第二十四話:農場視察と慈の意向



 その後、宿に戻った慈達は、食事の席で昼からの予定に変更を加える旨を話し合った。

 農場の視察にはフレイアとリーノが同行する手筈だったが、朝方公園で話した内容を六神官全員で共有する為に、皆で揃って視察に赴く方針がとられた。

 農場側への連絡や護衛の確保、馬車の手配などで少々手間は掛かったものの、予定通り農場視察へ出発する。


「さて、それじゃあ説明する」


 現在、慈と六神官は二台の馬車に分乗して移動している。慈と同乗しているのは、アンリウネとセネファス、それにレゾルテだ。

 もう一台の馬車では、シャロルがリーノとフレイアにこの街の神官長が不正を働いている事や、慈がそれらを正そうとしている事などを説明していた。

 慈が乗る馬車では、アンリウネに説明を受けたセネファスとレゾルテが、それぞれ唸ったり称賛したりという反応を見せている。


「正直、勇者が首を突っ込むような問題じゃないとは思うがねぇ」

「ふふ~ん、流石はシゲルねぇ。背中や足元も照らしてこそ真の救世きゅうせいというものだわ」


 セネファスは気が進まなそうにしつつも理解を示し、レゾルテは独特の感性に乗せた言い回しをするので分かり難いが、慈の判断を支持しているようだ。


「さて、ここまでは昼前にアンリウネさんとシャロルさんにも話してた事。

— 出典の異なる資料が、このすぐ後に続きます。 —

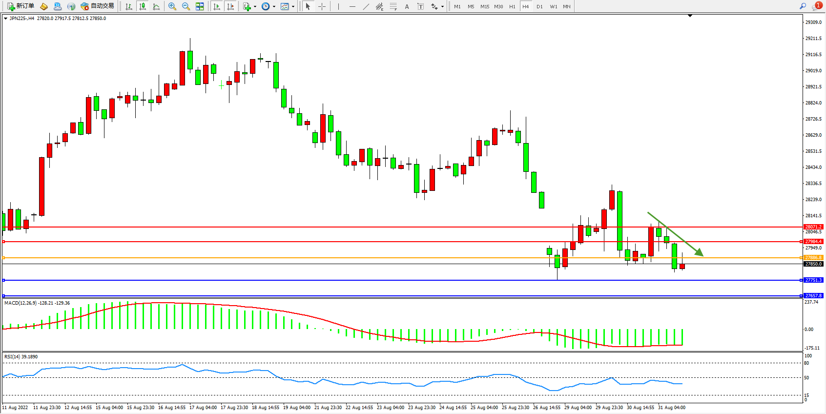 日经225指数8月31日(周三)收盘下跌127.08点,跌幅0.45%,报28068.50点。官方数据显示,7月经季调工业生产较前月增加1.0%,好于预估的下滑0.5%。上个月工业生产增幅接近两位数。日本7月工业生产连续第二个月增长,这标志着第三季制造业和更广泛的经济活动有一个积极的开端。

ここからは更に深刻な内容になるから、心して聞いてくれ」


 そんな慈の言葉に、一緒に説明する役だったアンリウネは少し驚いたような表情を浮かべて、説明を受ける側に立った。

 神官長の不正問題が十分に伝わった後、慈は魔族親子の話を切り出した。


「あ、あの孤児院に魔族が潜んでいたのですか!?」

「正確にはかくまわれてるんだ。『睡魔の刻』とかって知らないかな?」

「確かに、魔族の特性として聞いた事があるね」


 驚くアンリウネ達に慈が訊ねると、セネファスが魔族に関する知識を学ぶ講習で耳にした事があると答える。


「じゃあ魔族の穏健派については?」


 顔を見合わせたアンリウネ、セネファス、レゾルテは、揃って首を振った。彼女等の反応から、神殿側では魔族の穏健派の存在については把握していないか、隠蔽していると思われた。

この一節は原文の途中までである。